_Work required_: A verbatim repeat of the lines below is required, with the pictures removed.

_The data_:
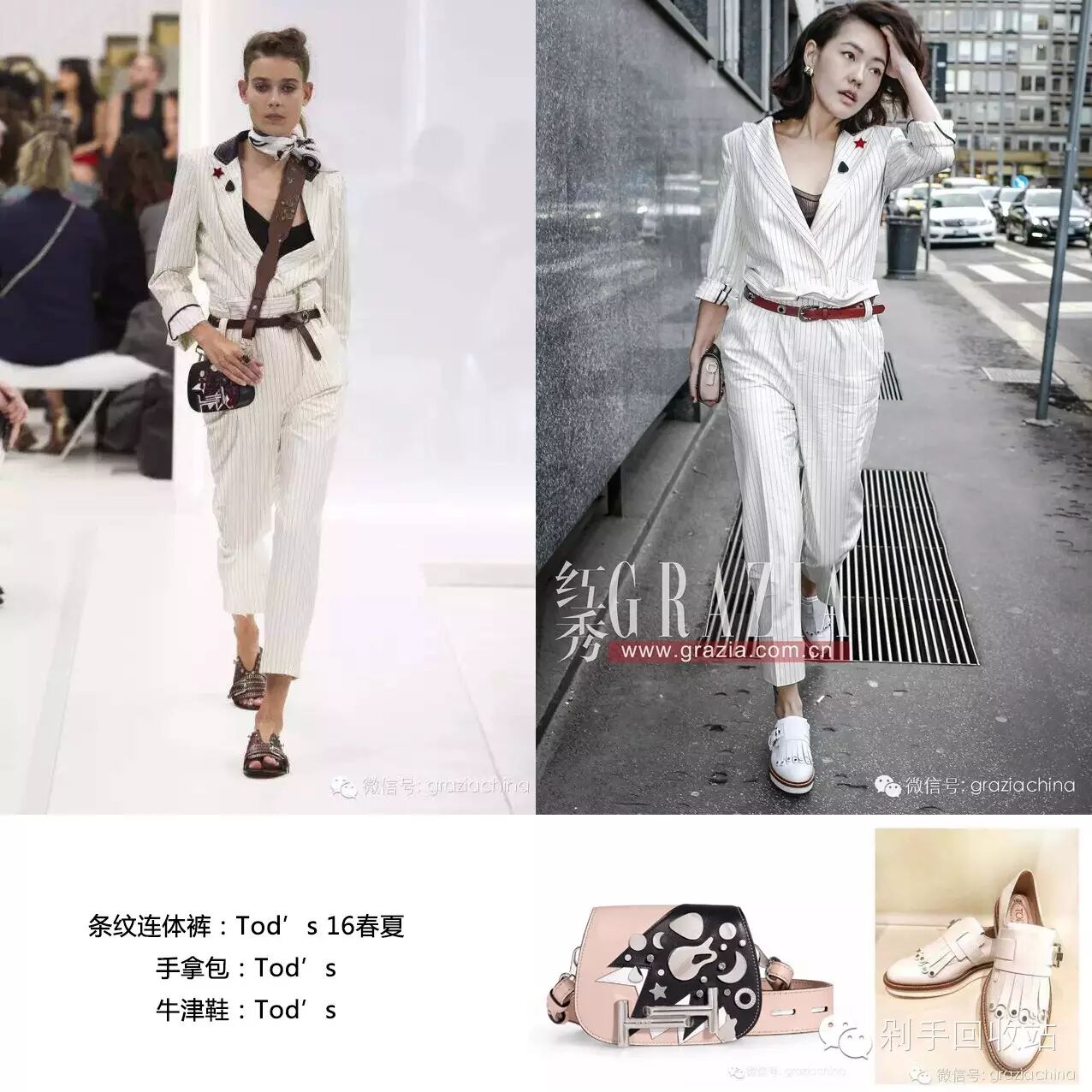 这一套其实是小S在试装的时候穿过的一套GUCCI,本来应该是穿去看品牌秀的,当时我们就说把红色板砖换成尖头高跟鞋会好看很多,结果S却只保留板砖,选了一套列侬同款刺绣白西装去看秀,真的是万万没有想到。
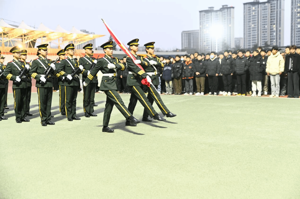 7点整,所有人员集合完毕。国护队员们身着整齐制服,迈着铿锵有力的步伐,缓缓走向升旗台。在激昂的国歌声中,‌五星红旗冉冉升起,‌现场师生庄严肃立,向国旗行注目礼。
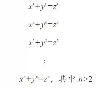 此外,当费马进一步提高x、y 和 z 的幂次时,他的求解努力一次又一次地碰壁。他开始觉得下列方程没有整数解:

_Output_:
 这一套其实是小S在试装的时候穿过的一套GUCCI,本来应该是穿去看品牌秀的,当时我们就说把红色板砖换成尖头高跟鞋会好看很多,结果S却只保留板砖,选了一套列侬同款刺绣白西装去看秀,真的是万万没有想到。
 7点整,所有人员集合完毕。国护队员们身着整齐制服,迈着铿锵有力的步伐,缓缓走向升旗台。在激昂的国歌声中,‌五星红旗冉冉升起,‌现场师生庄严肃立,向国旗行注目礼。
 此外,当费马进一步提高x、y 和 z 的幂次时,他的求解努力一次又一次地碰壁。他开始觉得下列方程没有整数解:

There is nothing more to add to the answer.